There are, equally, any number of spaces that have elaborate and extensive menus—even a few that have multiple ones. At Circa 11 in Bengaluru, the mood and the menu keep changing through the day, and the restaurant, which calls itself “shapeshifting”, has five distinct menus (Coffee, Lunch, Dinner, Wine and Cocktails, Brunch) apart from seasonal ones.
“We want the shifts to happen in a way that they feel natural and not gimmicky—they are about the ingredient, about the season, how everything changes in the kitchen,” says chef Pradyumna Harithsa who owns and runs Circa 11.
As if he’s read my mind about restaurants being stingy with menus, Harithsa volunteers the information that they try to hand copies of the menu to each person at the table. “This means a lot of training, keeping track of multiple sets of menus. The staff is trained to do that. While we have dynamic menus, we made a conscious decision to not use QR codes,” he adds.
Possibly the least favourite format of menu design, at least with diners, is the QR code menu, a legacy of the pandemic when fears of the virus spreading through surface contamination (later dismissed as a minor issue) led to restaurants asking diners to scan QR codes with their phones to access a digital menu.
Most people find them highly annoying—who wants to interrupt a meal multiple times to open a fiddly scanning app or camera and squint at tiny text on the phone? Yet many restaurants continue to use them, citing flexibility and convenience.
Pravesh Pandey, owner of One Floor Down of the elaborate menu, says even though he conceptualised that one and sees the value in it, many of his restaurants like Roxie and Helen’s Place have QR code menus—maybe something to do with the Gen Z demographic these places attract with their bright, Instagrammable interiors, reasonably priced but sophisticated cocktails and cheerful pub grub.
Digital menus also cost less to produce, and making changes is as easy as editing a Word document.
“The format allows us to experiment faster, introduce new dishes more frequently… Ultimately, the choice between physical and digital menus is made restaurant by restaurant, based on how dynamic the concept and menu are meant to be. They allow kitchens and bar teams to respond quickly to seasonality, ingredients, and creative ideas without long lead times,” says Pandey in defence of QR code menus.

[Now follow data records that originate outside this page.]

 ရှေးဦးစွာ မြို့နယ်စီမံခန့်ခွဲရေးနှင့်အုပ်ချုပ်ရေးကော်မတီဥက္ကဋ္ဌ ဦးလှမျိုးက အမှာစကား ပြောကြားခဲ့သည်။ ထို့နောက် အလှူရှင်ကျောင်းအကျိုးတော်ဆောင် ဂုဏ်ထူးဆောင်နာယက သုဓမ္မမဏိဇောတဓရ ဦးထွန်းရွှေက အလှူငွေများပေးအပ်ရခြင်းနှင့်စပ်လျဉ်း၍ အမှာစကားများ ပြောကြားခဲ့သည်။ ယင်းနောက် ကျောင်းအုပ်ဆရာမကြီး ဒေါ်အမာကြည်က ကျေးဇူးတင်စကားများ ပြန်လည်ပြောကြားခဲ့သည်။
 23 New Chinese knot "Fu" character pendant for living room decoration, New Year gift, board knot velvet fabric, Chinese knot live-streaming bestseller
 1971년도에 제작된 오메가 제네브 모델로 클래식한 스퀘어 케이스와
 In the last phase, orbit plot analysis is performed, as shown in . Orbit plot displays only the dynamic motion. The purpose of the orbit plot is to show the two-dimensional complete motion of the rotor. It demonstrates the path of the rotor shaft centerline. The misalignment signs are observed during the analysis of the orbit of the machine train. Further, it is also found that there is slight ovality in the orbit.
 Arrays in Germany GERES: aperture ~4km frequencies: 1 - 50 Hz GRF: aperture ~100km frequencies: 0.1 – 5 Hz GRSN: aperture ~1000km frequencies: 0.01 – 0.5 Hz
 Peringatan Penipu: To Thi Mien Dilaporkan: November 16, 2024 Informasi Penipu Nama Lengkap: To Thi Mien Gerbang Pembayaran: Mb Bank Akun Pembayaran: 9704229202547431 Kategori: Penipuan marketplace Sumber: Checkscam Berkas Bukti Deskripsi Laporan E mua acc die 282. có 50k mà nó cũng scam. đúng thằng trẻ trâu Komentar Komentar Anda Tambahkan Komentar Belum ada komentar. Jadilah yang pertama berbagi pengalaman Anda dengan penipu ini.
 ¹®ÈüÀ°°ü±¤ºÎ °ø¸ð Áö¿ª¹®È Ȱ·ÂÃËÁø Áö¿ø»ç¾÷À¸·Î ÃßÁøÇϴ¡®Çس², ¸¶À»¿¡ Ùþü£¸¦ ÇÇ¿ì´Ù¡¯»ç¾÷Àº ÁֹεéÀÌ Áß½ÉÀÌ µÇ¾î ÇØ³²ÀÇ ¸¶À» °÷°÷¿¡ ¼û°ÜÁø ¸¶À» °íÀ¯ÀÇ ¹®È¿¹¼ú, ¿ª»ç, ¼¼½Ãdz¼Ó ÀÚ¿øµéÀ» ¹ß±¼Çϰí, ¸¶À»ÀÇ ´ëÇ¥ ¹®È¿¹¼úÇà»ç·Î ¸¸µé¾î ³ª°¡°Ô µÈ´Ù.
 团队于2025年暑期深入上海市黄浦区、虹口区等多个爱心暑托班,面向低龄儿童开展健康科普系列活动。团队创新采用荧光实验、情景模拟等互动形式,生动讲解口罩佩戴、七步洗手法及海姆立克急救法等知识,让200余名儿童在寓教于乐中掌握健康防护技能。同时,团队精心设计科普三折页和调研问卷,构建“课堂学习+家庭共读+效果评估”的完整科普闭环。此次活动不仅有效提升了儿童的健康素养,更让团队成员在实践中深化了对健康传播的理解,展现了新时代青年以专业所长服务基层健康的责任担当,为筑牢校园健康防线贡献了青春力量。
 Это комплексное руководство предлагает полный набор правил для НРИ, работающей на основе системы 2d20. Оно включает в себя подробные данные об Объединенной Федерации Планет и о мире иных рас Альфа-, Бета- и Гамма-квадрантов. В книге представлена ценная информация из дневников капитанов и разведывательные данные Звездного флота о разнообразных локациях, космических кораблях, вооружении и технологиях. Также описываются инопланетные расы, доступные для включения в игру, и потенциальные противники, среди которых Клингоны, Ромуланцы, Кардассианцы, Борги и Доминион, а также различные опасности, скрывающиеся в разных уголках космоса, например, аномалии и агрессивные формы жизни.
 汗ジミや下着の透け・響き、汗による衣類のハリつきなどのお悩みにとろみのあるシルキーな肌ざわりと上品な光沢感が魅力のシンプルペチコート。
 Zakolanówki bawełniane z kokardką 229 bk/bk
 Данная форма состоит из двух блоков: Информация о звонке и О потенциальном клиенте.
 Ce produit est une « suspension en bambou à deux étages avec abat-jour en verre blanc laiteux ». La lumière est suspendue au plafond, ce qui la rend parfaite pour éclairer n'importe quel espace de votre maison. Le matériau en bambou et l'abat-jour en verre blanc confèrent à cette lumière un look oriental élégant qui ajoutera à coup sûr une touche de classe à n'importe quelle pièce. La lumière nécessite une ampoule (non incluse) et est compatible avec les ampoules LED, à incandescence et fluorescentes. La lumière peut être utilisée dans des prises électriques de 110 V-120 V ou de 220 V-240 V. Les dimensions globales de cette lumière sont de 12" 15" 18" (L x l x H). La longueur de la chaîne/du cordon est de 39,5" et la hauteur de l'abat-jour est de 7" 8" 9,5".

Then there are chef’s tables with no menus at all. Dining at the newly opened Nila in Bengaluru, where chef Rahul Sharma brings each dish to the table with the air of a conjuror, one did not miss a printed menu and instead delighted in the surprise as each course unfolded.
The familiar has its place too—one’s favourite restaurants are likely to be the spaces where one doesn’t even need to look at the menu.